Wedbush believes Palantir has the potential to become a dominant force in the AI market, akin to industry giants like Oracle (NYSE:ORCL) and Salesforce (NYSE:CRM). 

"We believe Palantir has a path to become the next Oracle or Salesforce over the coming years," the note reads. "We see the Messi of AI as a core winner in the trillions of AI spend over the next few years."

The firm highlighted the growing traction of Palantir's Artificial Intelligence Platform (AIP), particularly within both the commercial and government sectors. 

Wedbush said they believe boot camp deal conversions will be the key theme for Palantir into the next few quarters, with “the Street still underestimating core AIP growth in our view.”

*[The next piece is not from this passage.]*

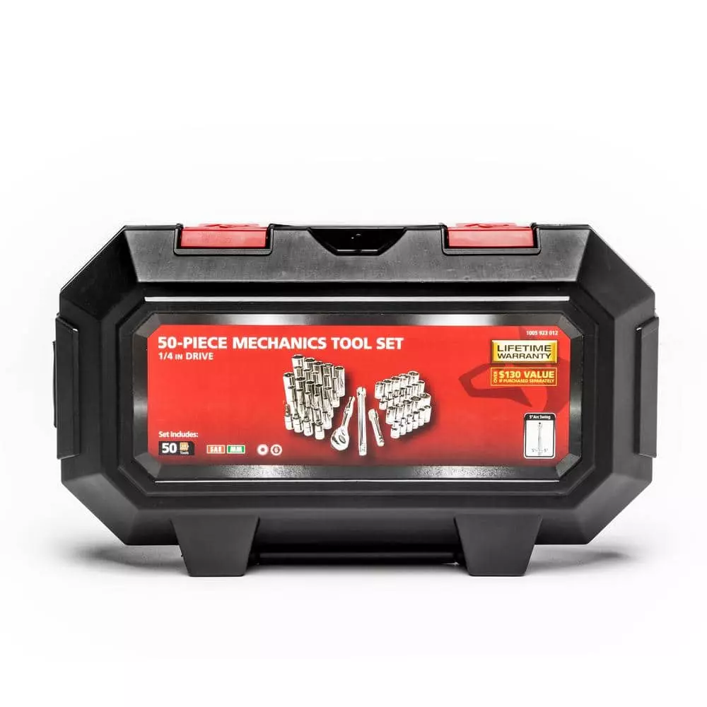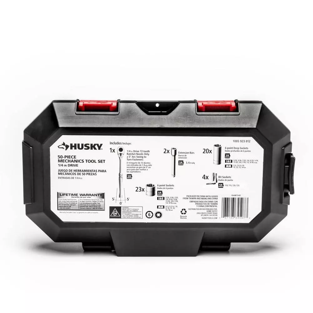 The Husky 50-piece 1/4 in. Drive SAE/Metric Socket Set is forged from Chrome Alloy steel for outstanding durability and strength. The 43 different sockets and 4 bit sockets will allow you to tackle a wide range of basic fastening or repair projects. This Husky 50-piece set is ideal for any garage or your home workshop.

“We are hearing from customers that bootcamps are providing unmatched value and AI insight leading to very quick sales cycles and shortening conversion timelines to deploy products, optimize workflows, and form use cases,” wrote Wedbush.

"AIP Generating More Traction with Improved AI Stack. PLTR continues to see unprecedented demand for AIP based on our recent checks across both commercial and government landscapes," the firm added.

The firm also emphasized the potential tailwinds for Palantir from the current administration. They believe the Trump Administration represents an additional tailwind for PLTR, noting AI initiatives within the US government, including the DoD accelerating as AI remains a strategic focus on the federal front.

The firm acknowledged a one-time impact of $120 million in stock-based compensation expense in the fourth quarter but emphasized that this will have no impact on pro forma earnings or cash flows.